25.0 cm³ of 0.100 mol dm⁻³ sulfuric acid (H₂SO₄) is diluted with water to make 500 cm³ of solution. Assume sulfuric acid is completely ionized and releases two protons per molecule.
(i) Calculate the concentration of H⁺ ions in the diluted solution.
(ii) Calculate the pH of the diluted solution.
(iii) Calculate the concentration of OH⁻ ions in the diluted solution at 25°C.
(i) Initial moles of H₂SO₄ = 0.100 × (25.0/1000) = 2.50 × 10⁻³ mol
Since H₂SO₄ releases 2 H⁺ per molecule: moles of H⁺ = 2 × 2.50 × 10⁻³ = 5.00 × 10⁻³ mol
[H⁺] = (5.00 × 10⁻³)/(500/1000) = 0.0100 mol dm⁻³
(ii) pH = -log(0.0100) = 2.00
(iii) [OH⁻] = Kw/[H⁺] = (1.0 × 10⁻¹⁴)/(0.0100) = 1.0 × 10⁻¹² mol dm⁻³
A buffer solution contains 0.150 mol dm⁻³ propanoic acid (C₂H₅COOH) and 0.100 mol dm⁻³ sodium propanoate (C₂H₅COONa). The Ka for propanoic acid is 1.3 × 10⁻⁵.
(i) Calculate the pH of the buffer solution.
(ii) Calculate the pH after adding 10.0 cm³ of 0.100 mol dm⁻³ HCl to 100 cm³ of this buffer solution.
(iii) Explain why the pH change is small.

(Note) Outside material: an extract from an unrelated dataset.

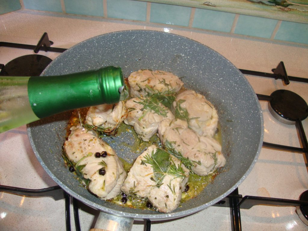 Blus af met de witte wijn en laat alle alcohol verdampen, terwijl je de haas blijft draaien.

(i) pH = pKa + log([A⁻]/[HA])
pKa = -log(1.3 × 10⁻⁵) = 4.89
pH = 4.89 + log(0.100/0.150) = 4.89 + (-0.176) = 4.71
(ii) Initial moles in 100 cm³:
C₂H₅COOH: 0.150 × 0.100 = 0.0150 mol
C₂H₅COO⁻: 0.100 × 0.100 = 0.0100 mol
Moles of HCl added: 0.100 × 0.010 = 0.00100 mol
After reaction with HCl:
C₂H₅COO⁻ + H⁺ → C₂H₅COOH
C₂H₅COOH: 0.0150 + 0.00100 = 0.0160 mol
C₂H₅COO⁻: 0.0100 - 0.00100 = 0.00900 mol
New concentrations in 110 cm³:
[C₂H₅COOH] = 0.0160/0.110 = 0.145 mol dm⁻³
[C₂H₅COO⁻] = 0.00900/0.110 = 0.0818 mol dm⁻³
pH = 4.89 + log(0.0818/0.145) = 4.89 + (-0.249) = 4.64
(iii) The pH only changes from 4.71 to 4.64 (a change of 0.07 pH units) because the buffer contains a large reservoir of the conjugate base (C₂H₅COO⁻) which reacts with the added H⁺ ions, converting them to the weak acid. The ratio of [A⁻]/[HA] changes only slightly, resulting in minimal pH change.

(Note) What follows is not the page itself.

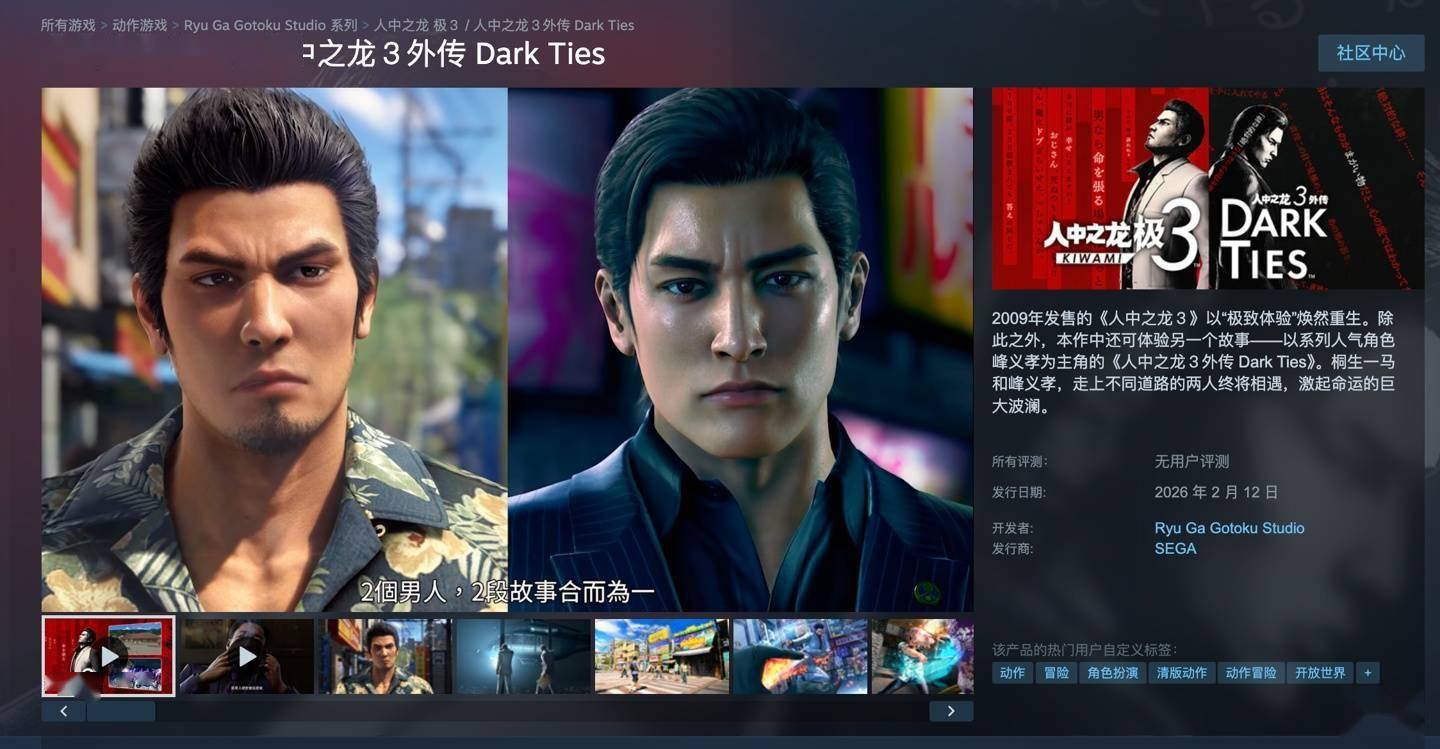 IT之家 2 月 11 日消息,世嘉旗下《人中之龙 极 3 /外传 Dark Ties(Yakuza Kiwami 3 & Dark Ties)》将于明天发售,登陆 PlayStation 5、Xbox Series X|S、任天堂 Switch 2、以及 PC 平台。IT之家附 Steam 商品页(https://store.steampowered.com/app/3937550/_3__3_Dark_Ties/)。

A student titrates 20.0 cm³ of 0.150 mol dm⁻³ propanoic acid (C₂H₅COOH, Ka = 1.3 × 10⁻⁵) with 0.100 mol dm⁻³ sodium hydroxide.
(i) Calculate the volume of NaOH required to reach the equivalence point.
(ii) Calculate the pH at the half-equivalence point.
(iii) Calculate the pH at the equivalence point. (Hint: At equivalence point, all acid is converted to its conjugate base; use Kb = Kw/Ka)
(iv) Explain why phenolphthalein is a better indicator choice than methyl orange for this titration.
(i) Moles of C₂H₅COOH = 0.150 × (20.0/1000) = 3.00 × 10⁻³ mol
Mole ratio = 1:1
Volume of NaOH = (3.00 × 10⁻³)/0.100 = 0.0300 dm³ = 30.0 cm³
(ii) At half-equivalence point, pH = pKa
pKa = -log(1.3 × 10⁻⁵) = 4.89
(iii) At equivalence point, total volume = 50.0 cm³
[C₂H₅COO⁻] = (3.00 × 10⁻³)/(50.0/1000) = 0.0600 mol dm⁻³
Kb = Kw/Ka = (1.0 × 10⁻¹⁴)/(1.3 × 10⁻⁵) = 7.69 × 10⁻¹⁰
C₂H₅COO⁻ + H₂O ⇌ C₂H₅COOH + OH⁻
[OH⁻] = √(Kb × [C₂H₅COO⁻]) = √(7.69 × 10⁻¹⁰ × 0.0600) = 6.79 × 10⁻⁶ mol dm⁻³
pOH = -log(6.79 × 10⁻⁶) = 5.17
pH = 14 - 5.17 = 8.83
(iv) Phenolphthalein (pH range 8.3-10.0) is better because the equivalence point is at pH 8.83, which falls within phenolphthalein's range. Methyl orange (pH range 3.1-4.4) would change colour too early in the titration, well before the equivalence point, giving inaccurate results.